Was hoping to get around to sawing the maple down in the field up this weekend, however back digging in the wore out skid steer today instead of cleaning up. Worn out linkage on hydraulic controls has been aggravating, today it surpassed that, arms went up, wouldn't come down! So the afternoon was spent tearing the entire pedal assembly apart, driving rusted roll pins out with the assistance of the torch and liberal amounts of penetrating oil, cleaning shafts, cutting self aligning bearings off that are rusted on, welding oblong holes up and making them round again, etc. etc. etc. Appears a bolt worked loose on the pedal for the lift arm, allowing the connecting linkage to drop, and not push when it was pushed upon, causing the problems. Engineer was on hallucinogenic drugs when he designed the hydraulic controls in the damn thing. Looks like you gave a 6 year old an erector set and turned him loose in there. I just shake my head every time I work on that part of it. Utterly ridiculous!!

Reactions: Great Post 1


----------



## Lou Currier (Sep 23, 2017)

Heading out tomorrow to see what's around...have seen some euc, monkey pod, banyan, and bottle brush...and of course lots of oak. @dennisp42 the oak isn't bad sometimes you can find some real wild grain in the live oak.


----------



## Mr. Peet (Sep 24, 2017)

Lou Currier said:


> Lots of oak here  on the bright side my bougainvillea vine turned tree was blown down so that should make for some interesting turning. Thought I saw some banyon and will have to go back and see. A lot of red gum around as well.

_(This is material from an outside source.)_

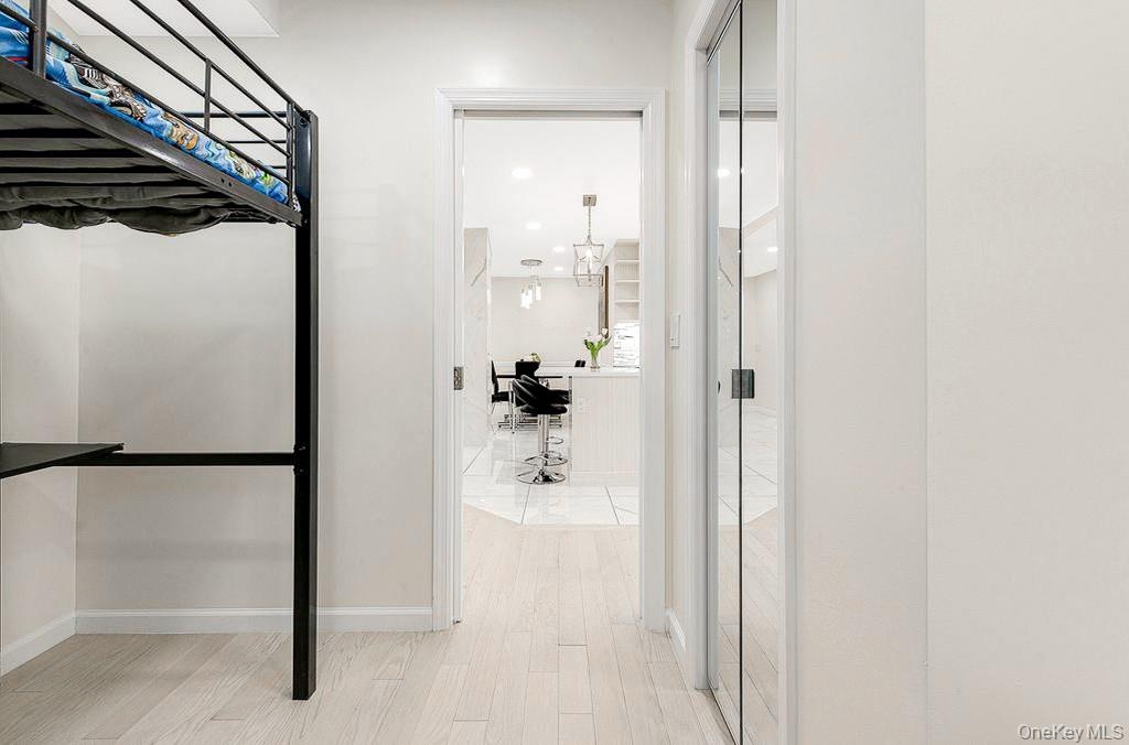The entry foyer works perfectly as a formal dining area and has an expansive walk in closet. Connecting effortlessly to your sun drenched living room, the apt features an open floor plan to accommodate a home office and modern work life balance, designed specifically for a sanctuary of productivity. Desirable southern exposure as the apt bathes in all-day sunlight, gently filtering through large windows framing lush green garden views. A convenient island w/a beautiful candlelight chandelier is centered in your well appointed kitchen featuring a French drawer 23 cubic ft refrigerator, ultimate stainless steel quiet dishwasher, self-cleaning ovens, large custom built in microwave, exterior venting exhaust system, farm size stainless steel sink with contemporary solid wood self-closing American made designer cabinetry, finished with solid Corian counter tops, high tech under cabinet and ceiling LED lighting and beautiful glass mosaic backsplash. Truly a chef’s dream with an abundance of cabinets for your storage needs. The 3 sizable bedrooms have well-designed closets & shelf lighting. Clean and efficient modern pocket door entry systems are used to maximize floor space. The primary bedroom has an on-suite bathroom w/a double sink, large drawers and ample storage. Contrasting marble-vein porcelain white tiles accented w/matte black hardware and a rainfall 2 way shower system. The 2nd full bath is lined w/marble-vein porcelain tiles, finished w/a modern olive tone vanity and gold tone hardware. Flawless design throughout. Flat modern led high-hats, efficient and quiet air conditioners, new plumbing & electrical throughout. The apartments flooring is hand-laid solid white oak renowned for its timeless beauty and durability.

Lou, if you are scraping the whole thing, Can a buy some off you for a sample or 2 for my collection?


----------



## Lou Currier (Sep 24, 2017)

Mr. Peet said:


> Lou, if you are scraping the whole thing, Can a buy some off you for a sample or 2 for my collection?



Mark, what dimensions do you need? When I get to processing it I am sure I can help you out.


----------



## Mr. Peet (Sep 24, 2017)

Lou Currier said:


> Mark, what dimensions do you need? When I get to processing it I am sure I can help you out.


My samples finish at 3" x 6" x 1/2 inch. Not sure how big of plant you have, but as with many woods, it is nice to have a quarter sawn and flat sawn piece to show the contrast in grain variety. Look forward to your findings.


----------



## Lou Currier (Sep 25, 2017)

Mr. Peet said:


> My samples finish at 3" x 6" x 1/2 inch. Not sure how big of plant you have, but as with many woods, it is nice to have a quarter sawn and flat sawn piece to show the contrast in grain variety. Look forward to your findings.



We'll see what I can get....trunk is about 6".

Reactions: Thank You! 1


----------